Dealing with Issues
Through all the pain that you have met, come to know, and dealt with, one thing is for certain…everything happens for a reason. And right now I hate those words. For I do not know or understand why I went through what I went through. I do not understand why my actions still annoy others and still tear us apart. If my steps to healing and finding answers for my own closure can tear apart a family, then I must ask myself if it is worth it.
Yet I am torn, for all my life I did everything I could to please others, paying close attention not to step on any toes. For once in my life I was going to take charge of my life. Make it the best I could. However, once more I choose to take a step backwards, so as not to bring pain to someone’s life. I am ready to deal with the past, but others are not and I need to accept this and move forward finding a different road that I can still find my own closure without hurting the ones I love.
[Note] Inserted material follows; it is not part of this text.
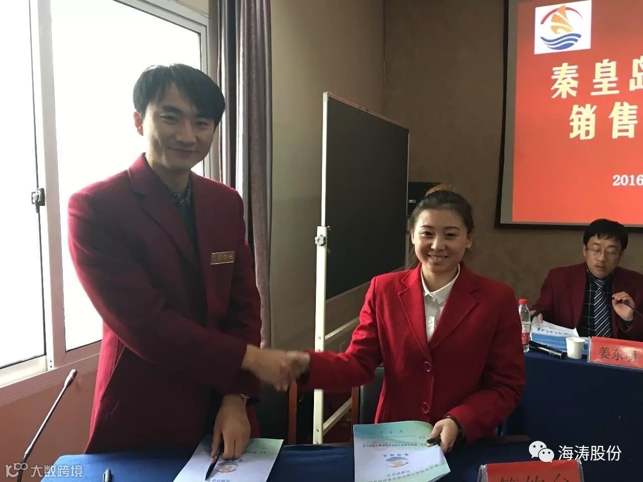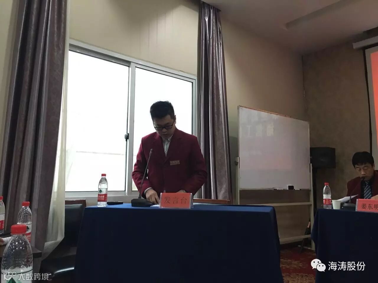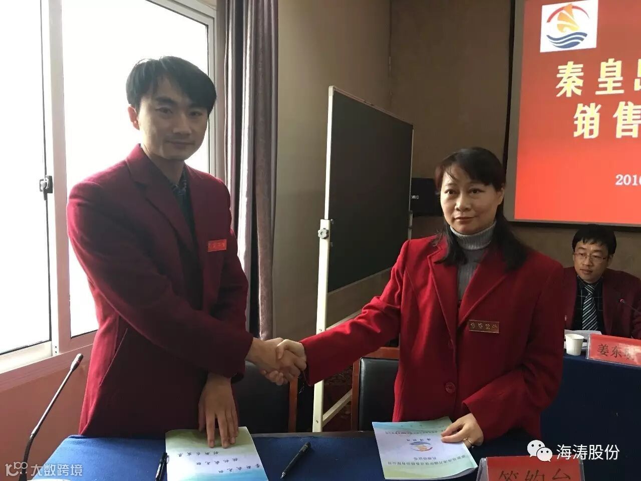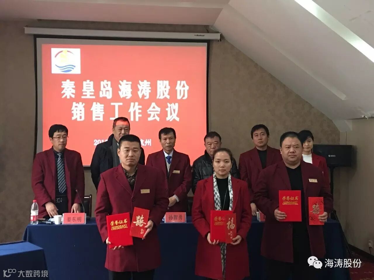 2016年12月25日,秦皇岛海涛股份销售工作会议在杭州市萧山区召开.孙智勇董事长、董事张阳、党支部书记马春海、副总经理孙海波、副总经理姜东明、副总经理赵日东、销售部经理杨阳、销售部副经理冯博、国际业务部经理冯治帼、市场运营部经理李曼、销售部业务员韩燕燕等,及各分公司代表等出席了本次会议.
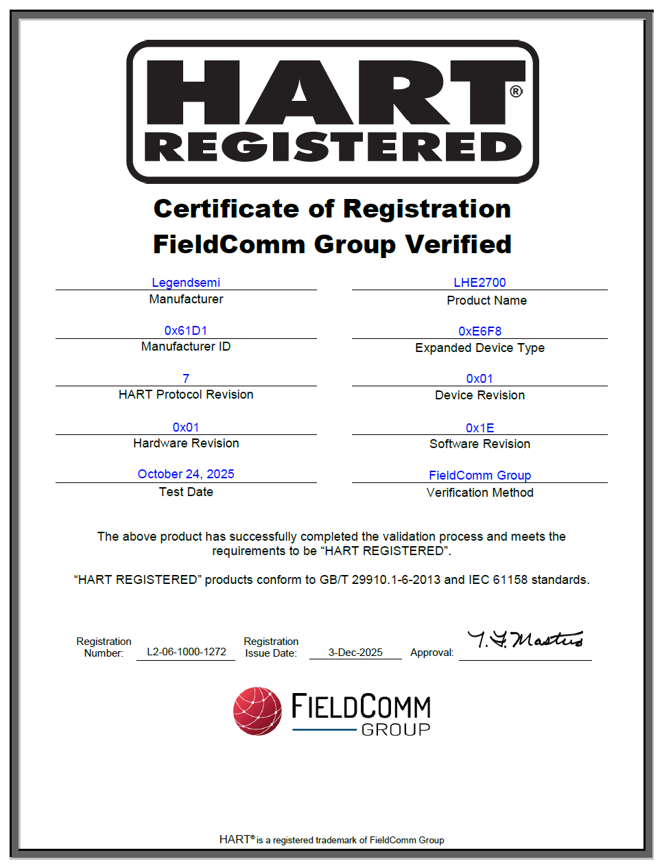 近日,領慧立芯旗下LHE2700 集成精密振蕩器的低功耗 HART 調制解調器,成功通過國際權威機構 FieldComm Group HART® 通信協議認證。這一里程碑式的突破,不僅標志著 LHE2700 在工業通信協議兼容性、技術可靠性上達到國際標準,更意味著國產工業級模擬芯片在關鍵領域實現了與國際先進水平的精準對標,為工業自動化設備的國產化升級注入強勁 “芯” 動力。

I have learned something very valuable today. For example two people can watch a car accident and give two different accounts of what happened. Likewise, two people can endure such trauma that in the end they also have two different views of the past. Yes, delving deep into the past could bring out many feelings and memories that cut down to the core, but one must ask, is it worth it if it will bring more pain to those we love?
I guess it would be fair to say I have finally learned what it means when someone tells you that some roads are better off less traveled.
During this difficult time this week, I am going to deal with these issues, but I am refusing to deal with them through my old ways, which was to eat and stuff the pain so deep that I can no longer feel it.
Everyone goes through trials, and everyone deals with them in their own way. I may not be able to control what my family feels, or how they deal with their issues, but I can control how I am going to deal with my own.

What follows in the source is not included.